◆ How to complete this task: Your response to the data below should hold nothing except the lines from the one containing "2025 새로운 스타일" down to the one containing "種子の発芽には,水,空気,発芽に適した温度が,必要である。", reproduced exactly and without pictures.

___ Provided entries

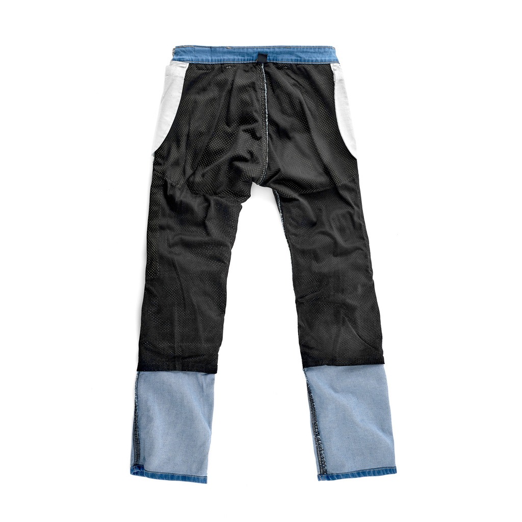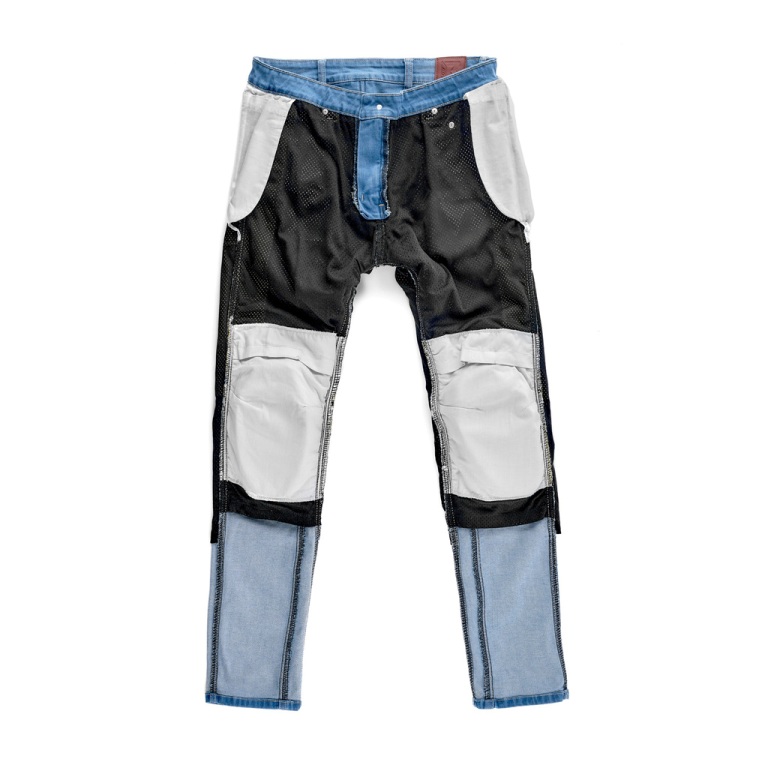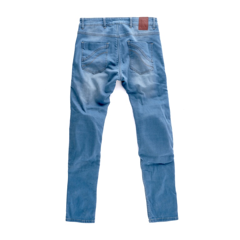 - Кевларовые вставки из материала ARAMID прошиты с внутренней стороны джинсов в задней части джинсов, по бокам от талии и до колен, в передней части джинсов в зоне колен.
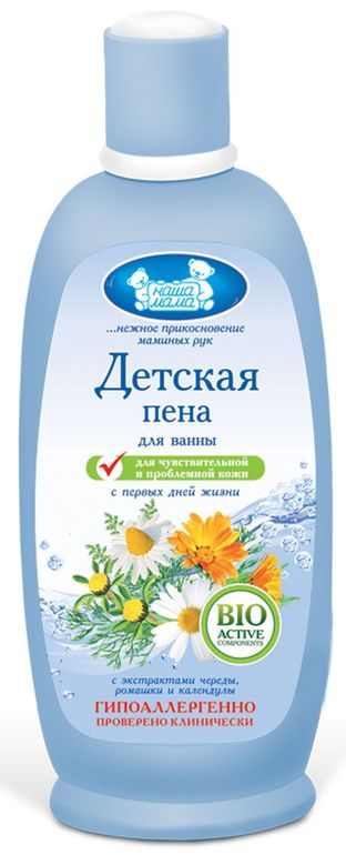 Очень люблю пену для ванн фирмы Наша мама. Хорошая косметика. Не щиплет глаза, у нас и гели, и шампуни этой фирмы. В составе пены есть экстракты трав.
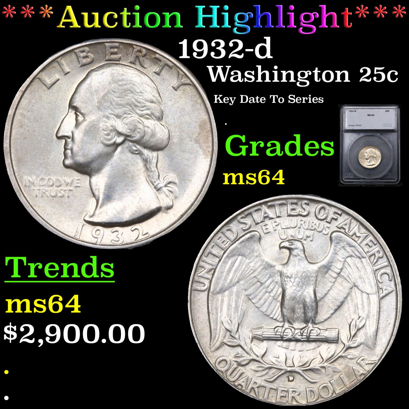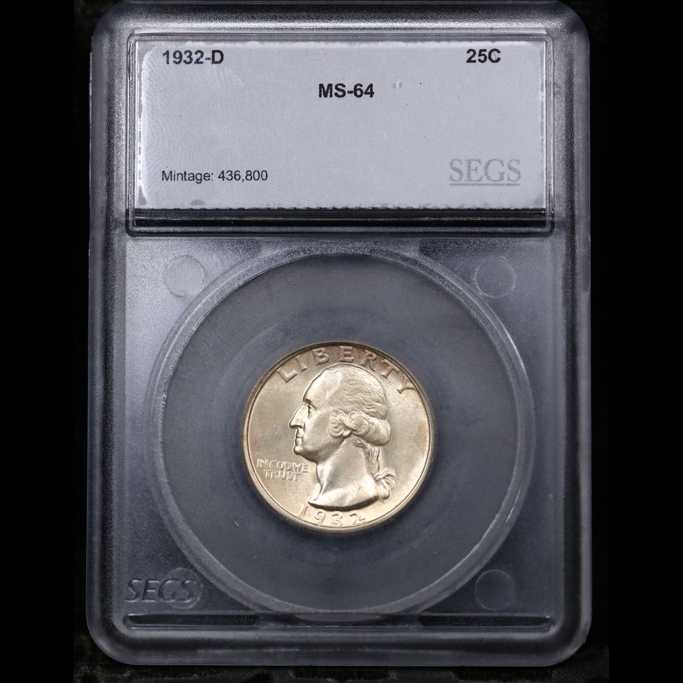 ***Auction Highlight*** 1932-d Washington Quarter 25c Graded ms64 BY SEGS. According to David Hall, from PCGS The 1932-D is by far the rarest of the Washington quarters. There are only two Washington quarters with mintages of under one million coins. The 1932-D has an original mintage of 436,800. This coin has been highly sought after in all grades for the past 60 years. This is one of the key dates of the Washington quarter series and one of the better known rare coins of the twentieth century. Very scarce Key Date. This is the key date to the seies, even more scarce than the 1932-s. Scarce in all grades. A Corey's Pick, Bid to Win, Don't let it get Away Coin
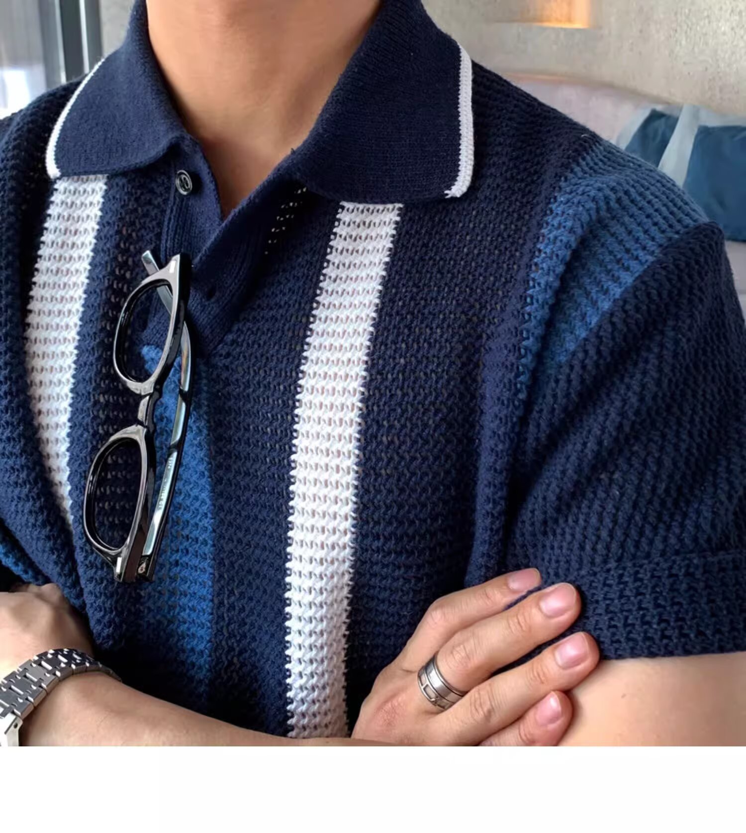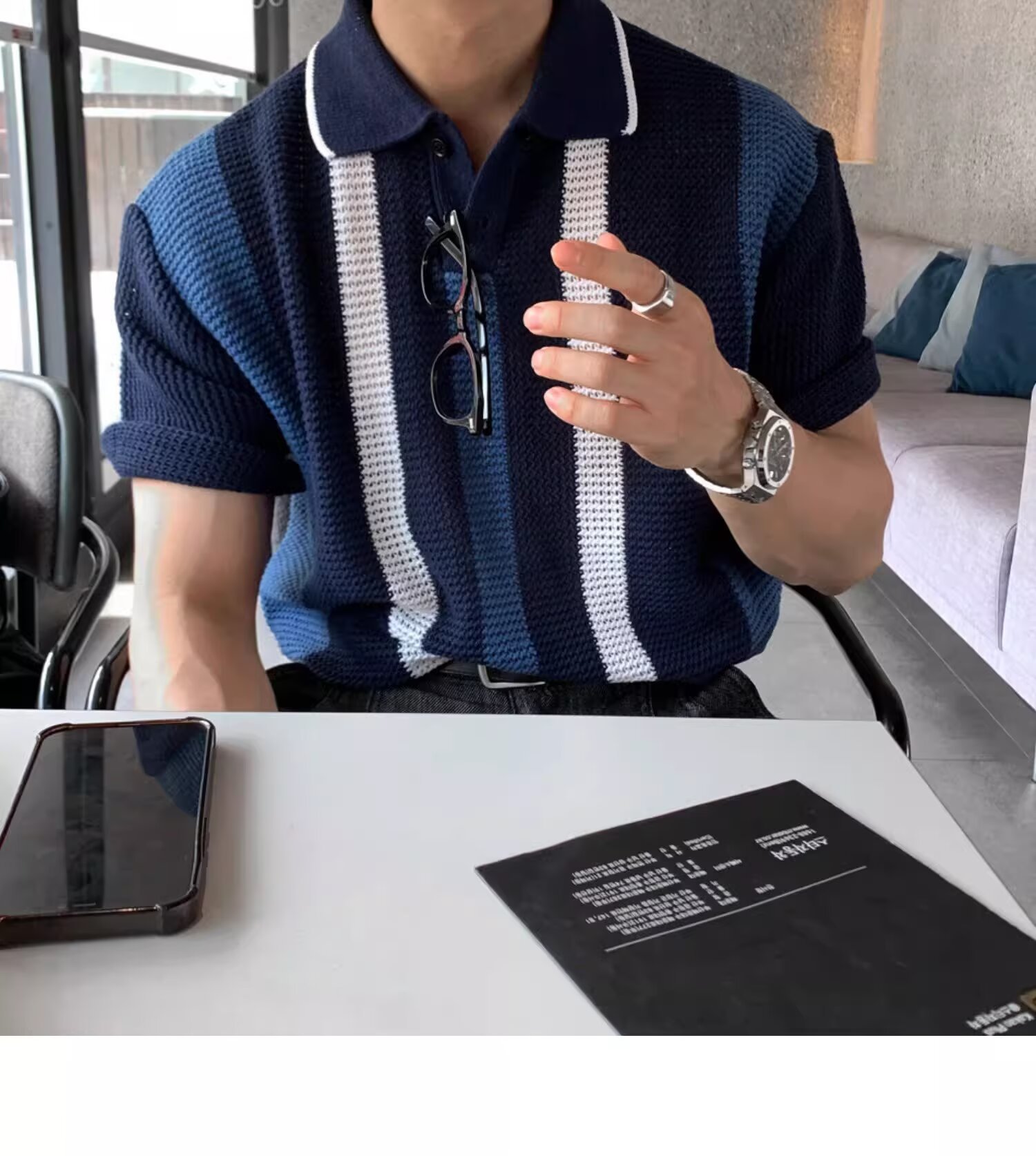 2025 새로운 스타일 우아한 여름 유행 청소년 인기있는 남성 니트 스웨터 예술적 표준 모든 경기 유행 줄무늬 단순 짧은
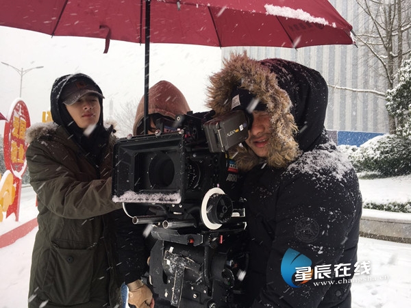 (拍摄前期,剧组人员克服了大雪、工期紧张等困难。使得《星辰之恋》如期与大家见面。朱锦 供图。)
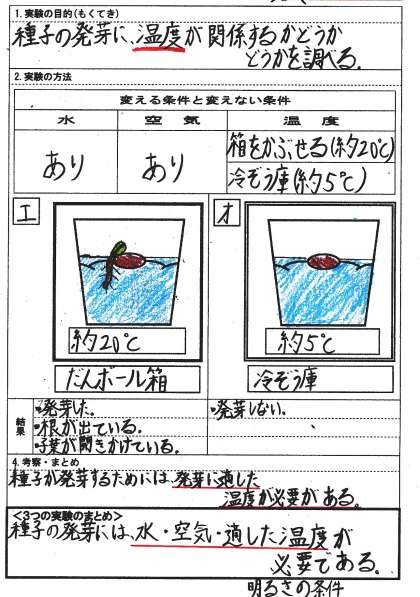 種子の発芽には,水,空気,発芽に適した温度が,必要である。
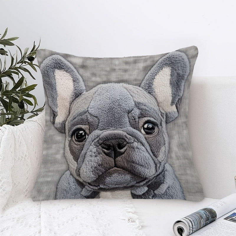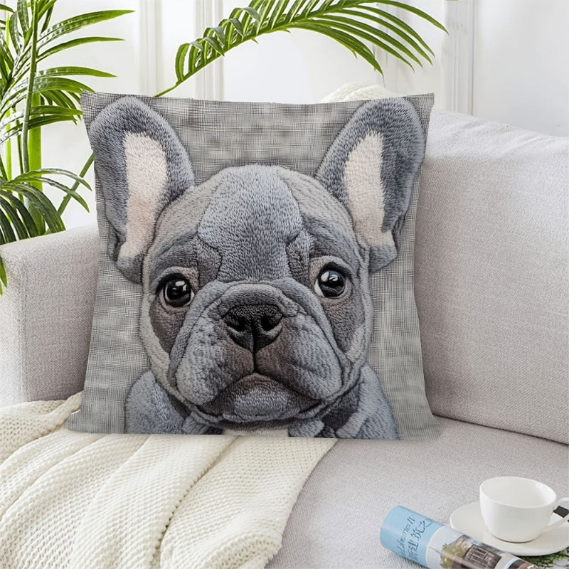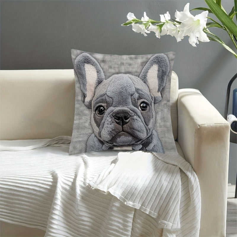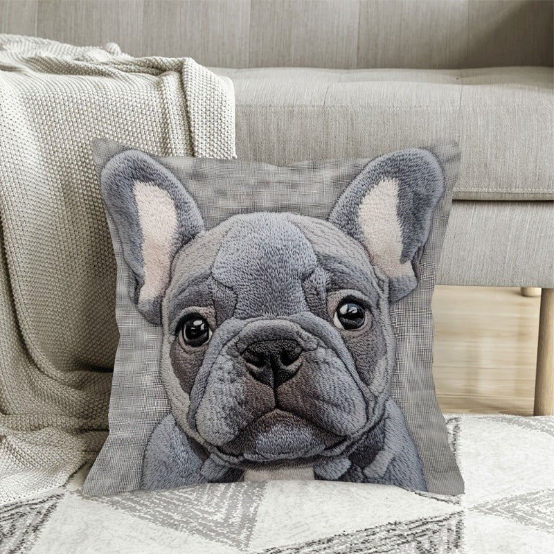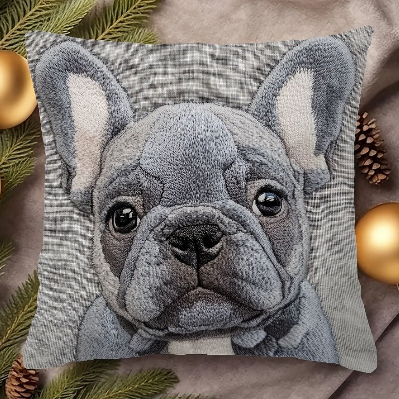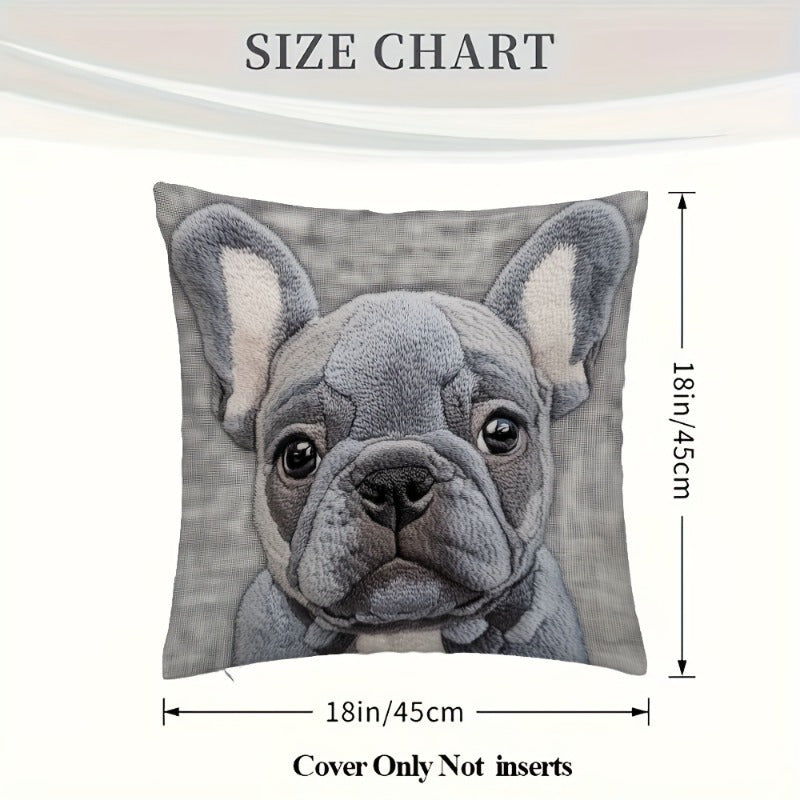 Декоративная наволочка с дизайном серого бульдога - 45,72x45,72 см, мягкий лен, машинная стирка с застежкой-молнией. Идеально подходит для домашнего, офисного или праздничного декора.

______

◆ Solution to the exercise:
 2025 새로운 스타일 우아한 여름 유행 청소년 인기있는 남성 니트 스웨터 예술적 표준 모든 경기 유행 줄무늬 단순 짧은
 (拍摄前期,剧组人员克服了大雪、工期紧张等困难。使得《星辰之恋》如期与大家见面。朱锦 供图。)
 種子の発芽には,水,空気,発芽に適した温度が,必要である。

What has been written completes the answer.